Wednesday, January 15, 2014

Being Paige's Mom

This is my first blog, but. A lifetime in the making. I started out wanting to name this blog "Being Paige's Mom," but decided that I am, and will be, more than that. But for today, I'm writing as Paige's Mom.

Most strangers know my daughter, Paige, as the "other girl" in the Daisy Coleman rape case which is getting national attention.  Paige was sexually assaulted at a party with her best friend,  Daisy, January 8, 2012.  The case has been highly publicized due to the politics involved in the case. Few people know the story of what happened that night. The only people who really know for sure are the girls.

I am not writing this to capitalize on the events of that night. I want to write, for now, about being the mother of a young woman who was sexually assaulted.

I was thinking today as I spoke with a friend of mine, about the reality of the world in which we live. A world where two young women, girls at the time, could leave a house with boys they considered friends, to be assaulted in the basement of the home of one of the boys then dumped in the cold like trash. The world which subsequently turned on the girls, blaming them for doing nothing but being teenage girls.  Now their every action is subject to critique and judgment.  The way they dress, talk, and act is under public scrutiny as people try to place blame on the girls for what happened.

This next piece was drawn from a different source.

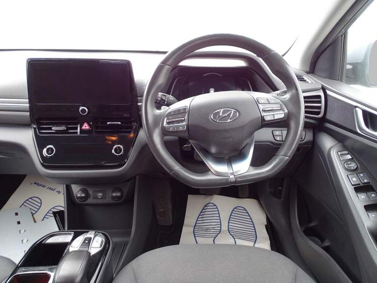 Discover this 2021 Hyundai IONIQ Premium, a superb electric vehicle offering an impressive blend of efficiency and comfort. With a substantial 43 kWh battery, this IONIQ provides a maximum range of 193 miles when new, making it ideal for both daily commutes and longer journeys. Charging is convenient, taking just 6 hours and 5 minutes at home using a 7kW charger, while rapid public charging can replenish the battery from empty to 80% in only 54 minutes.This Premium trim level is equipped with desirable features designed to enhance your driving experience. Enjoy the comfort of a heated steering wheel and dual zone climate control, ensuring a pleasant cabin temperature in all conditions. Parking is made easier with rear parking sensors and a rear camera with guidance system, while automatic headlights with a dusk sensor provide added convenience and safety. Furthermore, the IONIQ boasts a large boot space, offering ample room for your shopping or luggage, setting it apart from many other vehicles in its class.

Having once, long ago, been a teenage girl myself, I remember having put myself in the same position the girls were in that night: drunk, at a party, looking for the attention of boys. The difference between myself and the girls is this: I was with teenage boys who had respect for me and themselves. If the difference between the situations lies in the character of the boys present,  how can we place blame on the girls?

Here's how. If this horrible thing happened to these intelligent,  independent, beautiful young women,  it could happen to anyone. To anyone's daughter or sister. That is a scary prospect for anyone to understand.  Especially me. Paige knew the dangers of drinking, strangers, dark alleys and unfamiliar territory.  She was not prepared to deal with an attack by a friend.  By young, small-town, all-american boys. This is why it is so easy to blame the girls. We don't want to address the fact that the "bad guy" isn't always a stranger. He isn't always ugly or mean. Sometimes he looks just like your brother's trusted friends. How can we prepare to defend our children against that? How do you warn your child about the dangers that you, yourself, do not wish to confront? Until we accept that rape is caused by rapists and not clothing, and accept the fact that rapists live in our own neighborhoods or homes, we solve nothing.

I have racked my brain today, thinking of why my boys would be different than those boys who raped the girls. Honestly,  I can't come up with any tangible answer. I hope I have raised my sons to have respect for women. Hopefully their senses of right and wrong are well developed.  Hopefully they don't feel entitled to treat people as non-human. I think that is where intervention should lie. Instead of blaming the victim and teaching our daughters to grow up and be afraid, we need to teach our sons as well.